Frequency Visualizations

require(ggplot2)
library(wordcloud)

##subset top 40 rows
term_frequency2 <- term_frequency %>% 
  arrange(desc(term_frequency)) %>%
  head(40)

## Plot a barchart of the most frequent words/phrases 
ggplot(term_frequency2, aes(x=reorder(rn, -term_frequency),y=(term_frequency))) + 
            geom_bar(stat = "identity",width=0.5, 
            aes(fill = term_frequency2$term_frequency)) +
            theme(axis.text.x = element_text(vjust=1,angle=90)) + theme(legend.position="none") +
            geom_text(aes(label=term_frequency), vjust=0,angle=90,size=2.5,hjust=0)+
            labs(title="Most Common Phrases", caption="United States: Inauguration Speeches")

6. Comparison Cloud

These comparison/commonality clouds compare the language used by the 57th (Obama II) and 58th (Trump) Presidents. These visualizations can compare/contrast more than two texts, however.

Adjust N-Gram selction (one or more) in this section

##check structure of the data
#str(inaug_speeches_clean)

###create data table for conversion of free text to charachters
inaug_speeches_clean <- as.data.table(inaug_speeches_clean)

###specify the text column to be used 
text <- inaug_speeches_clean$text_final

###custom stopwords list
custom_stopwords <- (c(stopwords("english"), "otherwords", "a0"))

####################### tokenize using quanteda #####################################
##tokenization and text cleaning
toks <- tokens(text, remove_punct = TRUE,
               remove_symbols = TRUE)
toks <- tokens_tolower(toks)
#toks <- tokens_wordstem(toks, language = quanteda_options("language_stemmer"))
toks <- tokens_remove(toks, custom_stopwords)
###create n-grams, specify size (sparsity/computing power are a consideration here)
toksNgrams <- tokens_ngrams(toks, n = c(1), concatenator = "_")


###convert to data frame matrix
dfm_toksNgrams <- as.matrix(toksNgrams)
dfm_toksNgrams <- dfm(toksNgrams)
dfm_toksNgrams <- dfm_remove(dfm_toksNgrams, c(stopwords("english"), "high_school"))
###remove leading and trailing stopwords from n-grams
dfm_toksNgrams <- dfm_remove(dfm_toksNgrams, 
                             pattern = c(paste0("^", stopwords("english"), "_"), 
                                         paste0("_", stopwords("english"), "$")), 
                             valuetype = "regex")

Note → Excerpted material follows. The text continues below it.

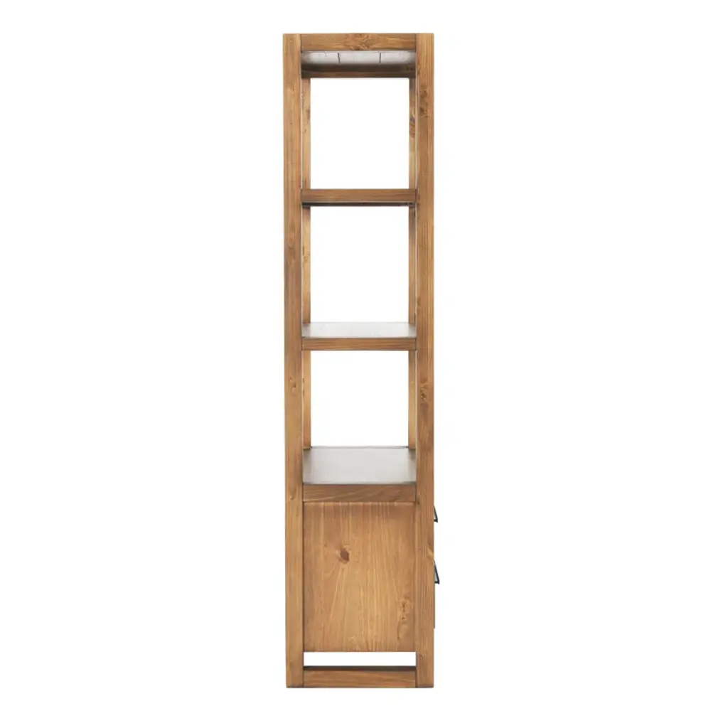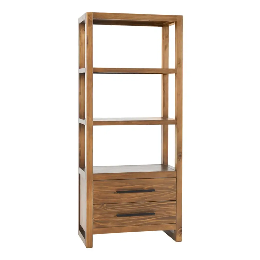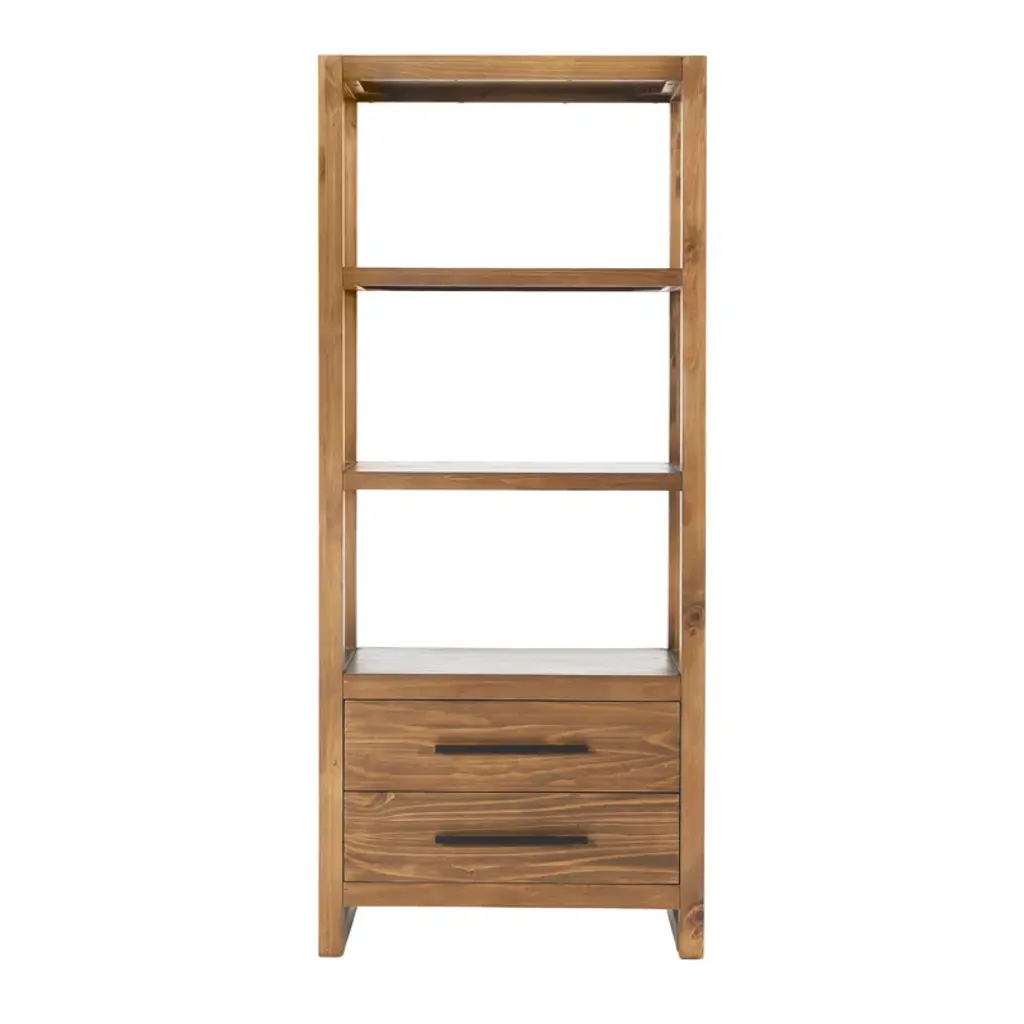 Ample storage space and an airy, inviting silhouette give this bookcase its warm, welcoming vibe. It's made from solid pine wood with a rich caramel-brown finish. We love the way the neutral finish shows off the wood's grain color variation. At the bottom, two drawers offer out-of-sight storage and organization potential. Two shelves provide a place to show off sculptures and potted plants or keep books easily accessible. Best of all, this bookcase arrives fully assembled. It also includes a tip-over restraint device for safety.

##rename rows of matrix to presidents names
row.names(dfm_toksNgrams) <- inaug_speeches_clean$Speech

##frequency dist
term_frequency <- colSums(dfm_toksNgrams)

# Sort term_frequency in descending order
term_frequency <- sort(term_frequency, decreasing = TRUE)
term_frequency <- as.data.frame(term_frequency)

# extract column names (words/ngrams) to new column in r
setDT(term_frequency, keep.rownames = TRUE)[]
# alternative method of extract column names (words/ngrams) to new column in r
# term_frequency$names <- rownames(term_frequency)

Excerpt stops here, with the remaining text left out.